Doctors Find Barriers to Sharing Digital Medical Records - andrewl
http://www.nytimes.com/2014/10/01/business/digital-medical-records-become-common-but-sharing-remains-challenging.html

======
nospecinterests
There are no enforceable standards and no governmental body has come together
to figure out the standards for data transfer. I don't think its going to
readily happen either. Currently, each company (the Epics, GEs, etc) will
ALWAYS say that their product is the best and their standards should be the
ones used. No one wants to give so they don't play nice with each other. They
are leveraging the built in incompatibilities to make more money and there is
nothing wrong with that. Plus, there are no economic reasons (like fines and
quite frankly most patients don't need to go between large systems for care so
there is no driving force from patients) to force them to play nice.

In this case, the free market can be the solution. In this fact, Judith
Faulkner is wrong (and she is passing the buck). The government does not need
to get involved and write standards. Especially if it is anything like the way
the government has done other standards. If they did they would invite in the
manufacturers to sit on a committee and each one would push and pull until the
standard includes all of the features of their respective software systems.

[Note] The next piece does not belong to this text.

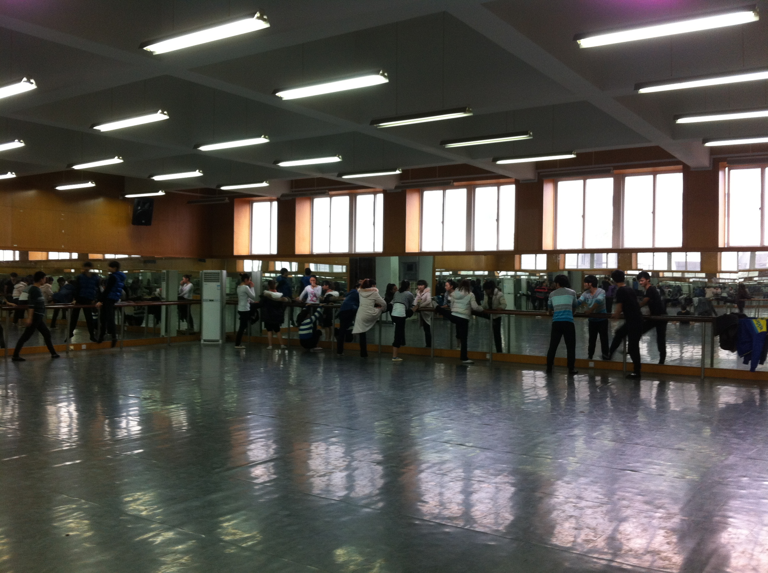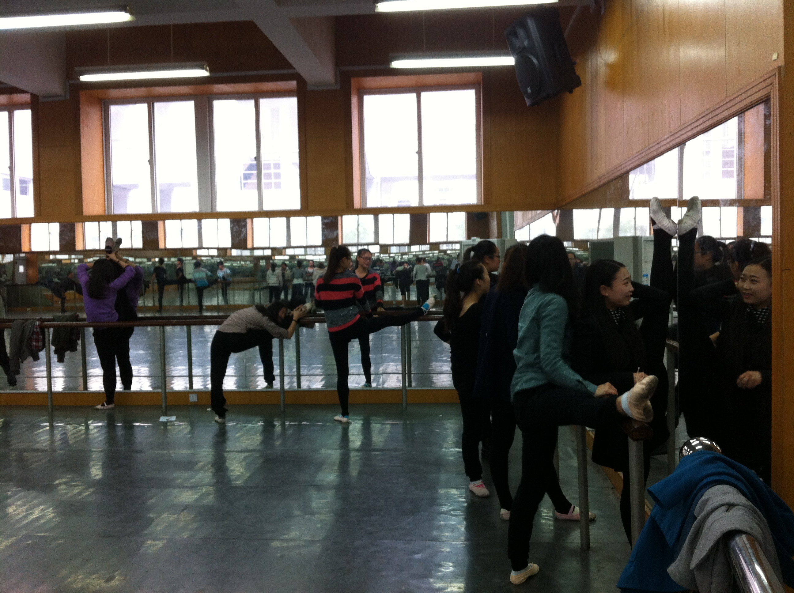 刘青松书记亲自到场鼓舞全体学生,舞蹈教研室冯百跃教授、李恒子老师等都到一楼、二楼舞蹈房指导学生早功。

Before you know it, the standard is bloated, useless, and costly to implement.
The solution is the free and open market. Some enterprising group of
healthcare providers and practitioners, along with their IT teams, need to
come together and form a group (away from the influence of the software
manufacturers) to write the spec. They then need to form an alliance
organization that calls on its members to require their systems to implement
the group's specification. That way as a group (much like health insurance
pooling) they have a large enough force to get manufacturers to listen to
their needs. Because it costs millions to implement an EHR/EMR this path would
not provide instant results for those who have already implemented a system or
are in the process of implementing one. But as healthcare practitioners and
providers upgrade to new versions they would gain the functions of their spec.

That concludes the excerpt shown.